Justice Stevens disagreed, writing in his concurrence that some state rules which regulate procedure must be applied in diversity cases because the function as part of the state's definition of substantive rights and remedies. In Justice Stevens’s view, however, § 901(b) is procedural in nature, and Rule 23 should therefore govern in diversity class actions asserting claims under New York law.

In dissent, Justice Ginsburg, joined by Justices Kennedy, Breyer and Alito, argued that New York’s prohibition on class actions seeking penalties or statutory minimum damages is substantive and should be applied in federal court under Erie and the Rules Enabling Act. The dissent pointed out the “large irony” that the majority’s decision coupled with CAFA “would make federal courts a mecca for suits of the kind Shady Grove has launched: class actions seeking state-created penalties for claims arising under state law—claims that would be barred from class treatment in the State’s own courts.” (Slip op. at 24.)

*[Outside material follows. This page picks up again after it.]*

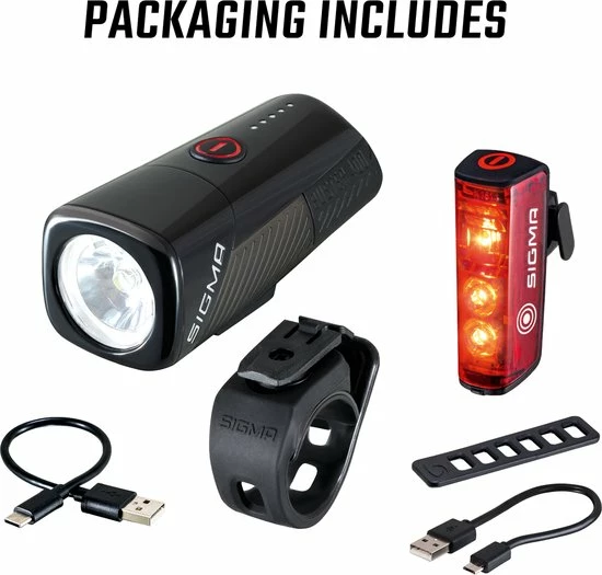 Sigma BUSTER 400 USB LED Fiets Verlichtingset 400 Lumen + Blaze Flash USB Achter Met Remlicht Functie – Li-ion Accu – Oplaadbaar

Shady Grove’s outcome will surprise many observers. The unusual mix of justices in the majority and the dissent alone is noteworthy. That division may have originated more in alignments in the Court’s past Erie cases than in contemporary class action wars. Justice Ginsburg authored the Court’s Erie opinion in Gasperini v. Center for Humanities, Inc., which held that a New York statute setting a standard for review of money damaged awards stricter than the federal standard should be applied in federal court, because it operates similarly to a cap on damages, which is a matter of substantive state law.5 Justice Scalia dissented from that decision.

In future cases that apply Shady Grove, Justice Stevens’s concurring opinion is likely to receive close scrutiny. That opinion implies that some prohibitions on class actions tied to a specific statute might still be applicable in federal court under the Rules Enabling Act, if the prohibitions are deemed substantive. The majority opinion also expressly leaves open whether state law restrictions on remedies in certified class actions apply in federal court. For the time being, though, at least one prediction in Justice Scalia’s opinion seems unassailable. “We must acknowledge the reality that keeping the federal-court door open to class actions that cannot proceed in state court will produce forum shopping.” (Slip op. at 22.)